Resenha: O Sacrifício – Joe Hill
- Talita Chahine

- 24 de jun.
- 2 min de leitura
Amizade, culpa e um pacto que cobra caro demais
Oi gente..
Tudo bem com vocês ???

Joe Hill tem uma habilidade impressionante de pegar uma história que parece simples e transformar em algo sombrio, pesado e impossível de largar. E é exatamente isso que acontece em O Sacrifício.
Aqui vamos conhecer Arthur Oakes, um universitário comum do Maine, com uma vida normal e preocupações normais, até que uma decisão aparentemente pequena muda completamente o rumo da sua vida. Ao tentar proteger uma garota, ele acaba se envolvendo em um esquema de roubo de livros raros da biblioteca da faculdade. No começo, parecia algo controlável — apenas pegar alguns livros específicos — mas os pedidos começam a ficar cada vez mais estranhos, mais raros e mais perigosos, e Arthur percebe tarde demais que está sendo manipulado.
Mas o verdadeiro problema começa em uma noite de Halloween.
Arthur e seus amigos — Colin, Allie, Donna, Van e Gwen — percebem que estão lidando com algo muito maior do que extorsão ou roubo. Desesperados para dar um fim àquilo, eles decidem recorrer a algo que jamais deveriam sequer considerar: um ritual.
Eles se reúnem na Mansão dos Espinhos, a casa do avô de Colin, um lugar cercado por objetos estranhos, histórias antigas e coisas que talvez nunca devessem ser usadas. Lá, usando um livro antigo, eles invocam da Escuridão o Soberano Sofrimento, uma entidade que assume a forma de um dragão e promete proteger todos eles de qualquer ameaça.
Mas como toda história de Joe Hill, nada vem de graça.
O dragão faz apenas uma exigência:todo Domingo de Páscoa, alguém deve morrer.E a escolha da primeira vítima foi assustadoramente fácil para eles.
O problema é que, no ano seguinte, o Soberano Sofrimento quer mais uma vítima.E depois mais uma.E depois outra.
É nesse momento que Arthur percebe que aquilo nunca vai acabar. Não é um acordo. Não é um pacto com prazo. É uma dívida eterna.

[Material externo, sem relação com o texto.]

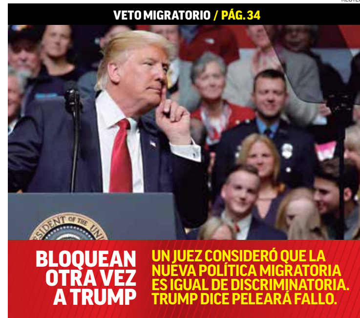
VETO MIGRATORIO / PÁG. 34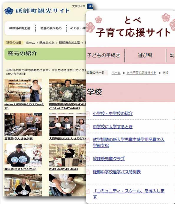
観光や子育ての専用サイトをつくりました。これからもっと情報を増やしていきます。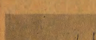
Reprezentacja Polski w hokeju na trawie rozegrała w ramach turnieju olimpijskiego trzy mecze...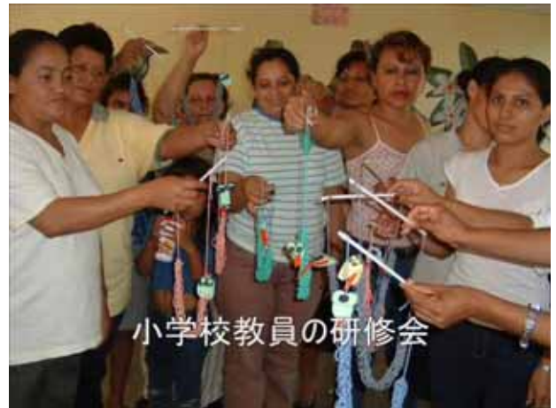
小学校教員の研修会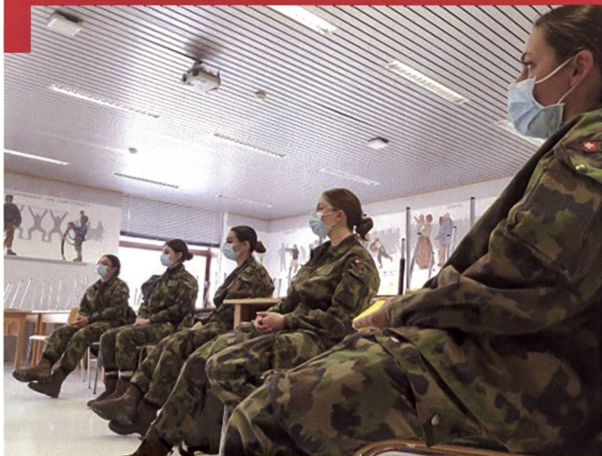
Les participantes au workshop ont pu découvrir une visualisation de leur carrière militaire d'un seul tenant.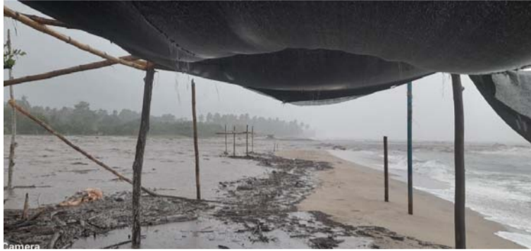
Las fuertes lluvias han provocado el desbordamiento del río Palomino, afectando a los comerciantes cercanos.

Cabe indicar que en pasados días pasados el se-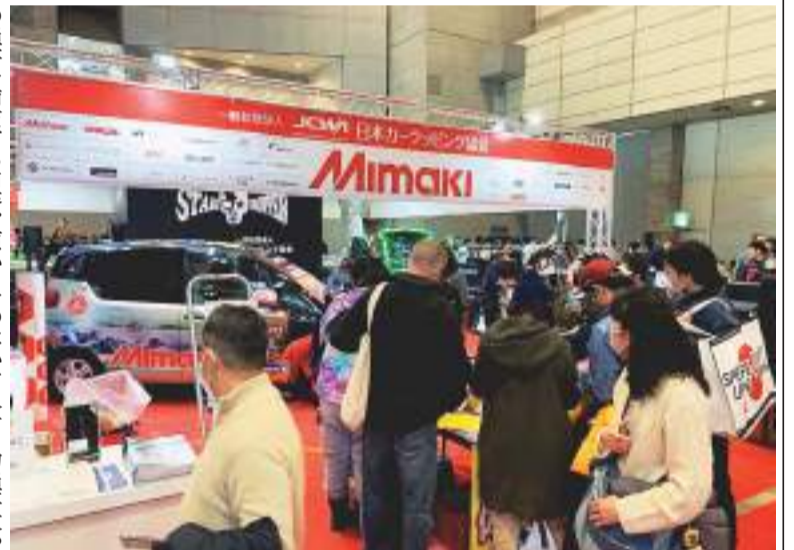
イベントへの出展などを通じて認知拡大、市場拡大に取り組むJCWA

6つの補償内容のうち、特に自動車管理者賠償責任補償は、スクレーパーでの傷やフィルム剥離時の塗料損傷など、カーラッピング作業に伴う預かり車両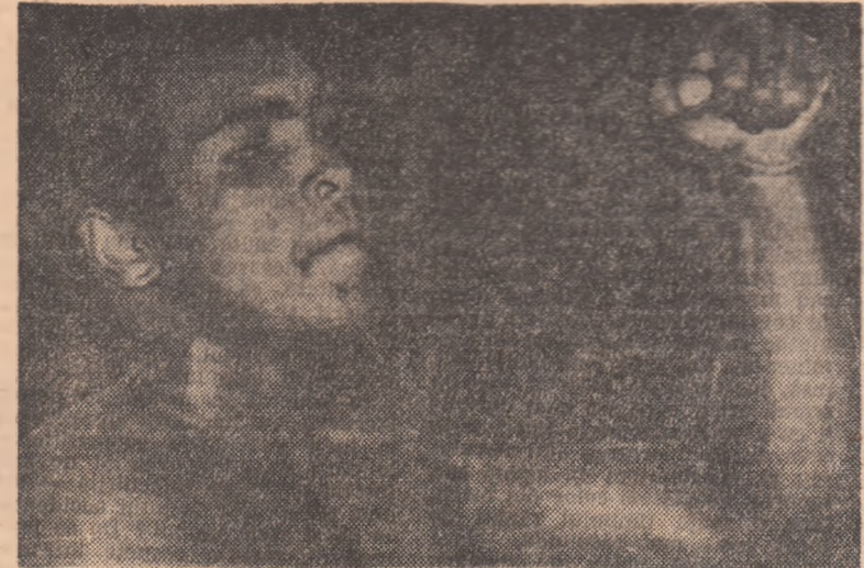
Sosit la Kinshasa, Cassius Clay a și efectuat primul antrenament.

vingător, Foreman pornește ca favoritul, dar este prea lent. Cred că voi câștiga prin K. O. în primele reprize”. La rîndul său, George Foreman, aflat și el în drum spre Kinshasa, a declarat zărilor că presupusa viteză în ring a lui Cassius Clay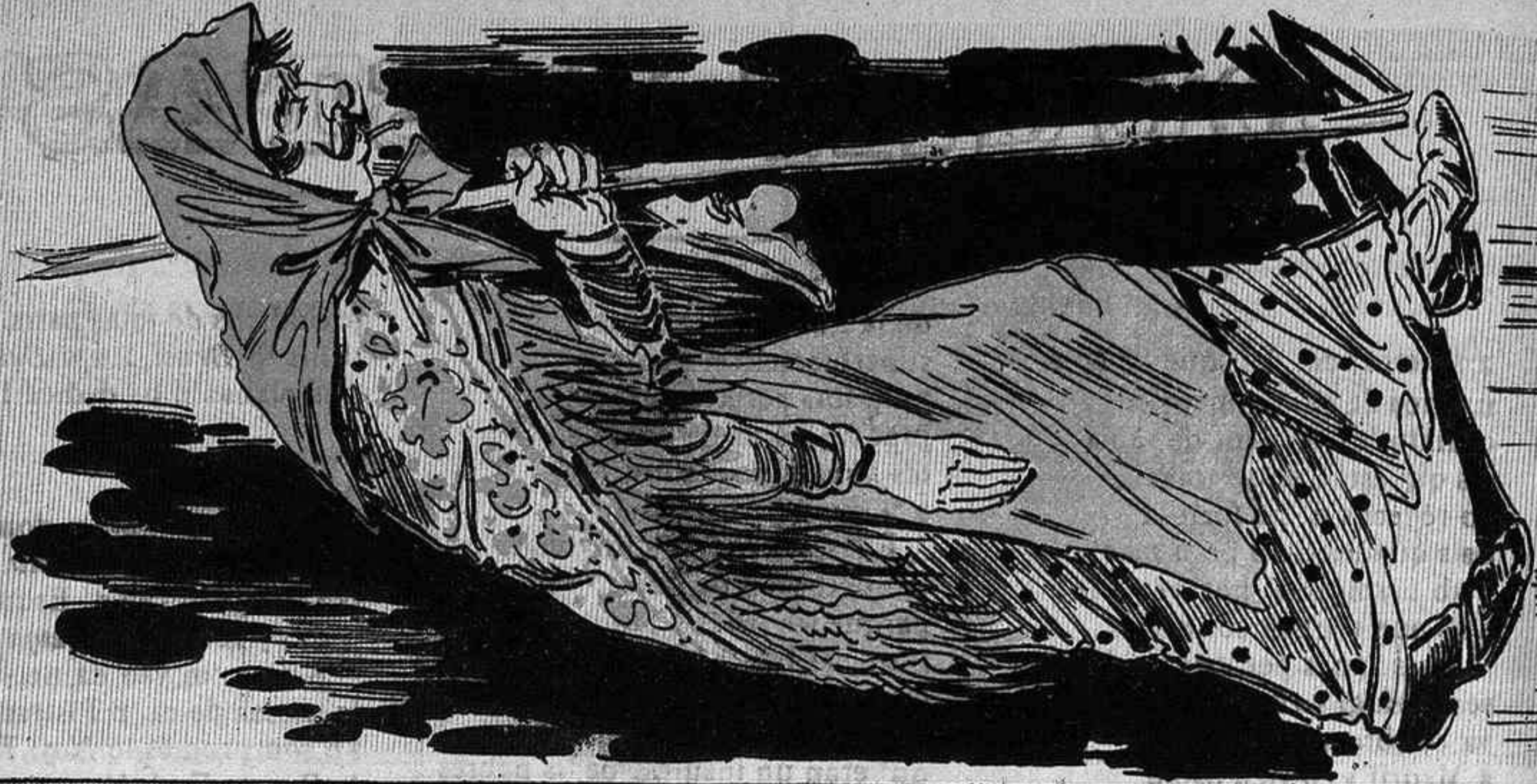
Ja son morts qu'han perdut l'esma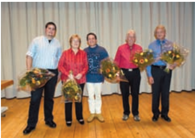
Les lauréats de l'USL.

La seconde partie de la soirée a vu la remise des mérites décernés par l'USL.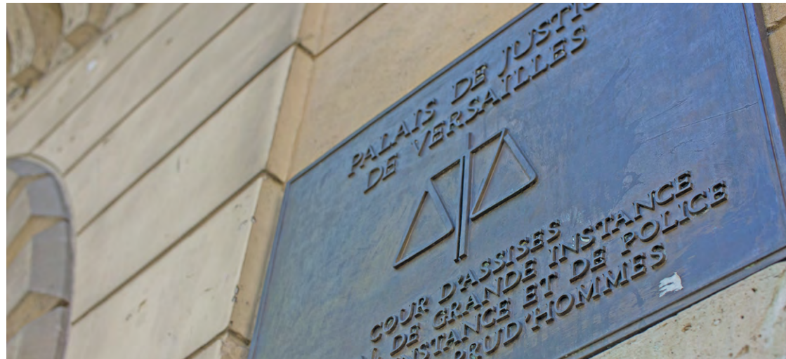
ILLUSTRATION/LA GAZETTE DE SOY

Les réseaux sociaux sont parfois à l'origine de dérives néfastes et incontrôlées. Un Verriérois a publié des messages sur X (anciennement Twitter) où il a fait l'apologie publique d'actes de terrorisme.

A partir daí, vamos acompanhar esses amigos ao longo dos anos, tentando encontrar uma maneira de quebrar esse pacto, enquanto a culpa, o medo e a desconfiança começam a destruir a amizade entre eles. Porque quando a sobrevivência entra em jogo, a pergunta que fica é: quem realmente estaria disposto a morrer pelo outro?
Joe Hill constrói uma história que não é apenas sobre terror, mas sobre amizade, culpa, escolhas e consequências. Sobre como uma decisão tomada na juventude pode perseguir alguém pelo resto da vida. E principalmente sobre como o verdadeiro terror não está apenas no monstro que eles invocaram, mas nas escolhas que eles precisam fazer todos os anos.
O livro tem aquele clima clássico de histórias do Stephen King: um grupo de amigos, um segredo, uma cidade pequena e algo sobrenatural que cresce silenciosamente até se tornar impossível de controlar. Mas Joe Hill tem sua própria voz, e ele sabe como fazer a gente se importar com os personagens — e é isso que torna a história ainda mais dolorosa.
Porque o verdadeiro terror aqui não é saber quem vai morrer. É saber quem vai escolher.
Um livro sobre amizade, culpa e o preço de continuar vivo.